“This would go so much faster if I did it on my own.” I argue.
He grabs my cheeks with one hand and puts the other around my waist and pulls me closer.
“Don’t fucking say that. We’re doing this together. Now, behave,” he answers, and then he releases me.
My body freezes.
“Come on, it won’t go any faster if you’re just going to stand there and look like a living question mark.” He adds.
I don’t have any choice. I can’t lose track of him, I don’t know the right way to go and I do not know this city. I have to follow him.
I was dumb for speaking those words, saying I would rather do it on my own without him, eager to get my sister back. It’s not true. I would be terrified if I had to go on my own.
“Ector, can we please just fly together?”
“No, this was the deal and you agreed to it.”
“But...”
“Stop it.”
I let out a loud sigh. I could swear that he’s irritating me on purpose because he thinks it’s funny.
I’m doing this for Esme, I keep reminding myself.
“How was your childhood?” I ask, needing to talk about something deep, to get to know him.
“Good.” He says with a low voice.
I recognize how his body stiffens, and he doesn’t say more than that, he doesn’t continue the conversation.
”Who is your mother and father? Maybe I know them?”
“No you don’t know them. Now, be quiet.”
“Okay, my apologies, I didn’t mean to upset you.” I only wanted to have a genuine conversation with him for once.
“I know, it’s okay. I’m sorry too, for lashing out on you. It’s just hard for me to talk about.”
“Okay.” I don’t pressure him to talk more about it or explain himself, I know it can be hard to discuss specific topics. I’m just confused why he reacted like this when he just said that his childhood was good.
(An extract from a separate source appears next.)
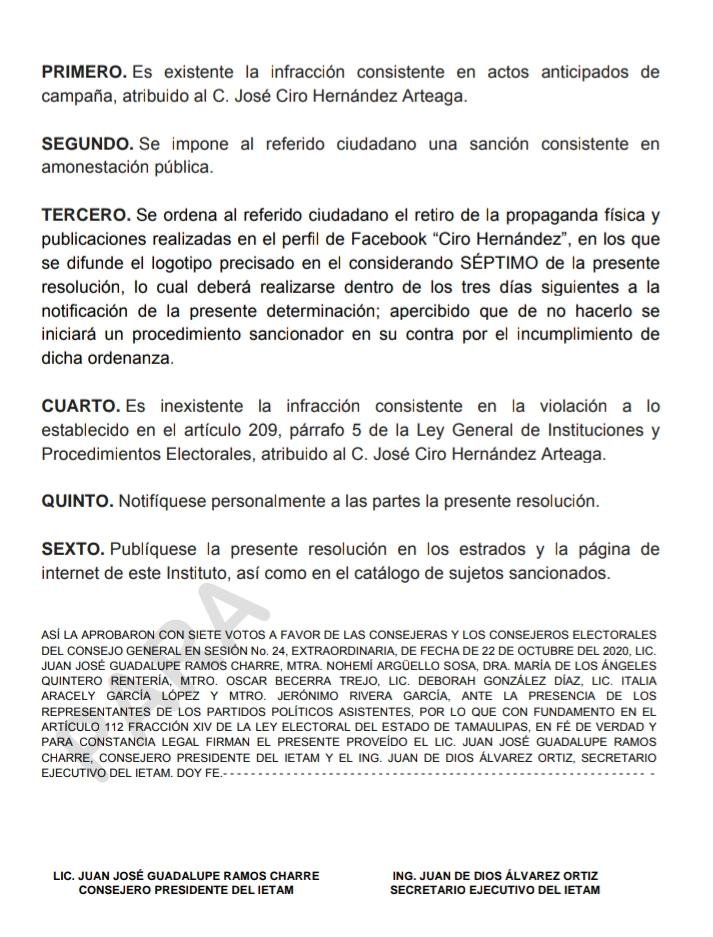 En un resolutivo de 55 páginas, el Instituto Electoral de Tamaulipas da a conocer que se presentó suficiente material probatorio, por lo que se determinó mediante votación en sesión extraordinaria este jueves 22 de octubre, que sí existe la infracción consistente en actos anticipados de campaña, por lo que resuelve una sanción consistente en una amonestación pública.

I truly hope he knows that my intention was never to argue.
Chapter 14
Ector
This is not what I wanted. I didn’t desire a love story, but that’s exactly what this is starting to feel like. And even though it makes me feel excited, I know that it’s something I can’t have. I do like Genevieve, and I’ve had an eye on her for a long time but that doesn’t change anything.
It doesn’t change how I’ve felt for my entire life. Like a failure. I didn't save my mother, so I couldn’t trust myself to be in someone else’s presence. What if something happened to them and I failed to protect them as well?
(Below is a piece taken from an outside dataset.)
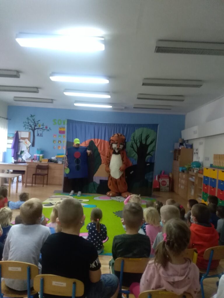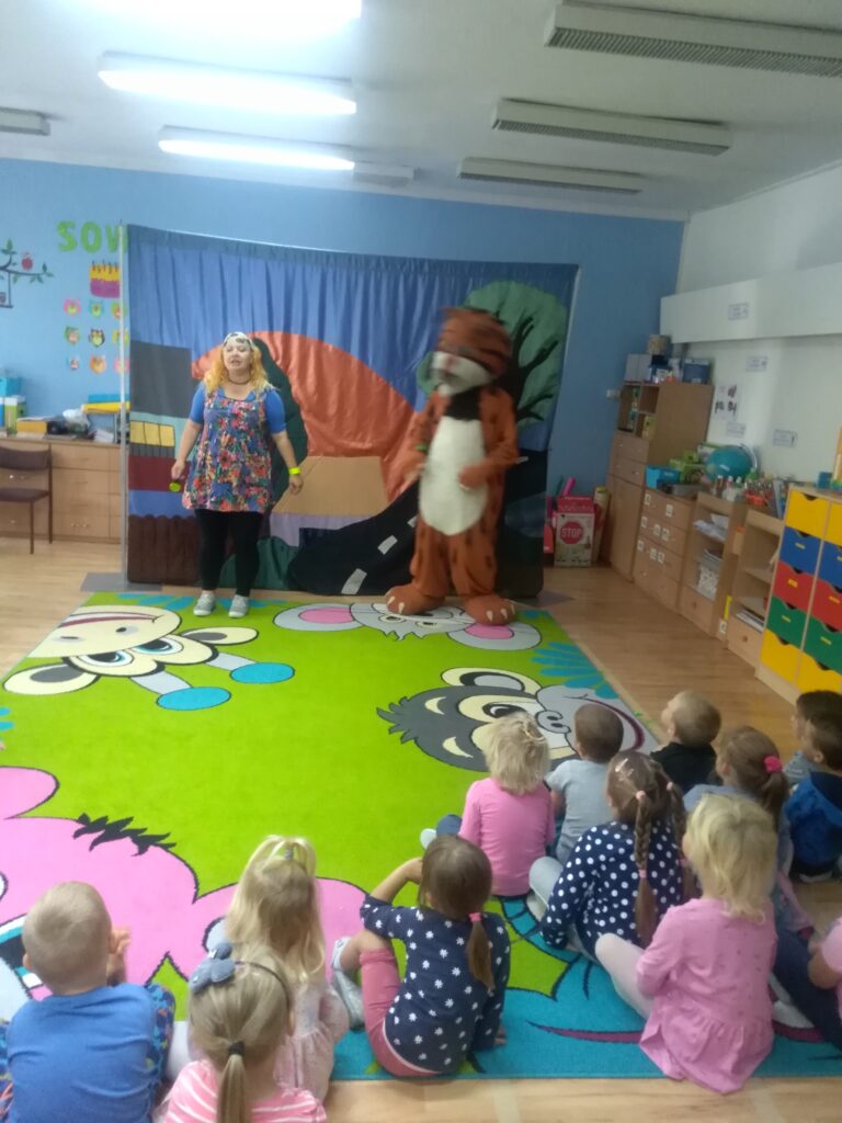Dnia 25.09.2020r.dzieci miały okazję obejrzeć teatrzyk pt: ,,O Rysiu Ryszardzie Chronickim, który dzieci chronił” w wykonaniu aktorów z Krakowa. Jak sam tytuł wskazuje bohaterem był Ryszard Chronicki wesoły ryś i jego koleżanka Zuzia. Aktorzy w zabawny sposób zwrócili uwagę na szereg problemów z jakimi mogą się spotkać dzieci w codziennym życiu. W przedstawieniu pojawiły się elementy tematyki bezpieczeństwa ruchu drogowego, podstawowa wiedza na temat zasad udzielania pierwszej pomocy oraz jak się zachować w kontaktach z nieznajomymi. Tematyka jak widać poważna, ale przedstawiona w bardzo przystępnej i zrozumiałej formie. Mamy nadzieję, że teatrzyk przyczynił się do tego, że nasze dzieci będą umiały zachować się w obliczu różnych przykrych niespodzianek.

How am I supposed to protect Genevieve when she chooses to have me by her side? Getting too close to me will put her in danger, almost like someone placed a curse on me the moment I was born. Always making sure that something goes wrong.
But I admire her.
When she wants to have those deep conversations, it forces me to confront everything that I’ve been trying to push down for years. She makes every single memory bubble up to the surface and it deeply terrifies me.
I want her to know everything about me, but what if it ends up scaring her away. What if she doesn’t feel safe with me once I tell her?